Stored data entries
_ _ _
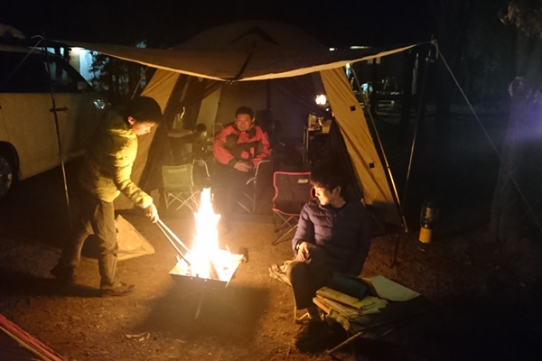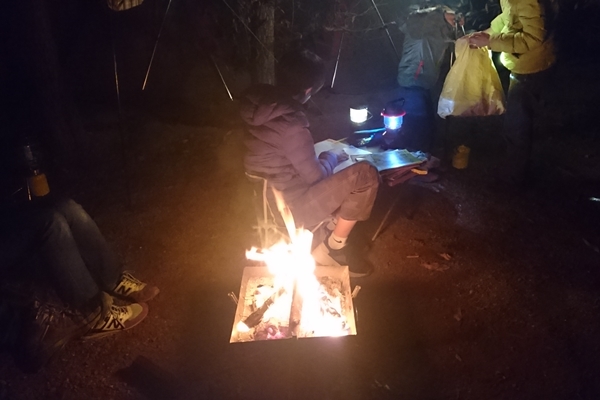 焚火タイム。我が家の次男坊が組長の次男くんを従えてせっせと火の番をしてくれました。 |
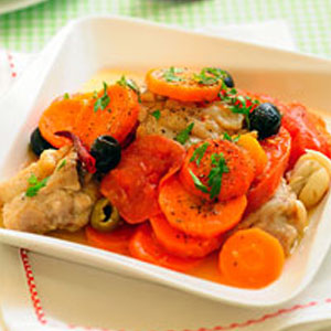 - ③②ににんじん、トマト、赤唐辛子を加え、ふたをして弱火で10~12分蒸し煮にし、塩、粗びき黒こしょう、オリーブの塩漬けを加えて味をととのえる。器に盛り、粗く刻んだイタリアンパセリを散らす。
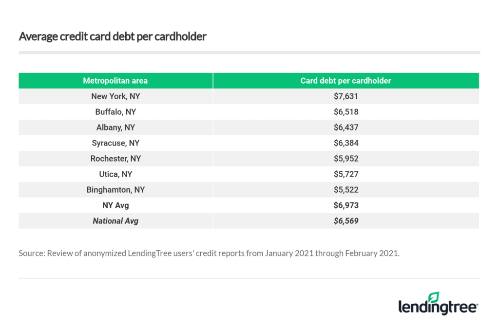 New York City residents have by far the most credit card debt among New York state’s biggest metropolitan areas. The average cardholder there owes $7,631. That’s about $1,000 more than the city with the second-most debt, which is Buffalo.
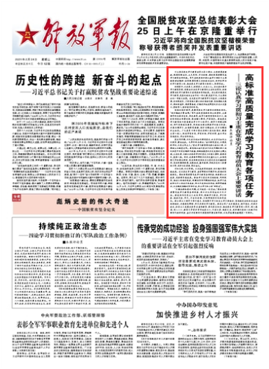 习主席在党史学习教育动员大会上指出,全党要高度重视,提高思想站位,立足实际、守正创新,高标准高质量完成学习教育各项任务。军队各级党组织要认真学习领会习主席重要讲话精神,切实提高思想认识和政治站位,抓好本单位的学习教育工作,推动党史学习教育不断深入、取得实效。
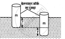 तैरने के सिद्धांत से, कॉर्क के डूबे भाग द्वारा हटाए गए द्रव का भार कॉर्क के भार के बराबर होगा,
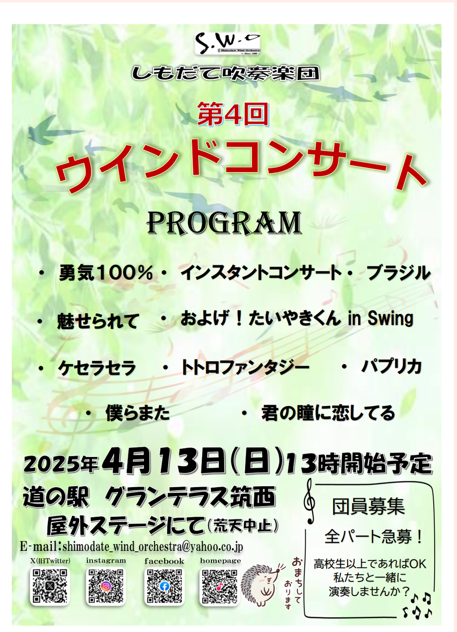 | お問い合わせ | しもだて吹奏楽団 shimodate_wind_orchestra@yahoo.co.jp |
_ _ _
▶ WORK REQUIRED
Your task is to return the lines above, from the first one up to and including the line containing "- ③②ににんじん、トマト、", minus any pictures.

▶ REPLY
 焚火タイム。我が家の次男坊が組長の次男くんを従えてせっせと火の番をしてくれました。 |
 - ③②ににんじん、トマト、赤唐辛子を加え、ふたをして弱火で10~12分蒸し煮にし、塩、粗びき黒こしょう、オリーブの塩漬けを加えて味をととのえる。器に盛り、粗く刻んだイタリアンパセリを散らす。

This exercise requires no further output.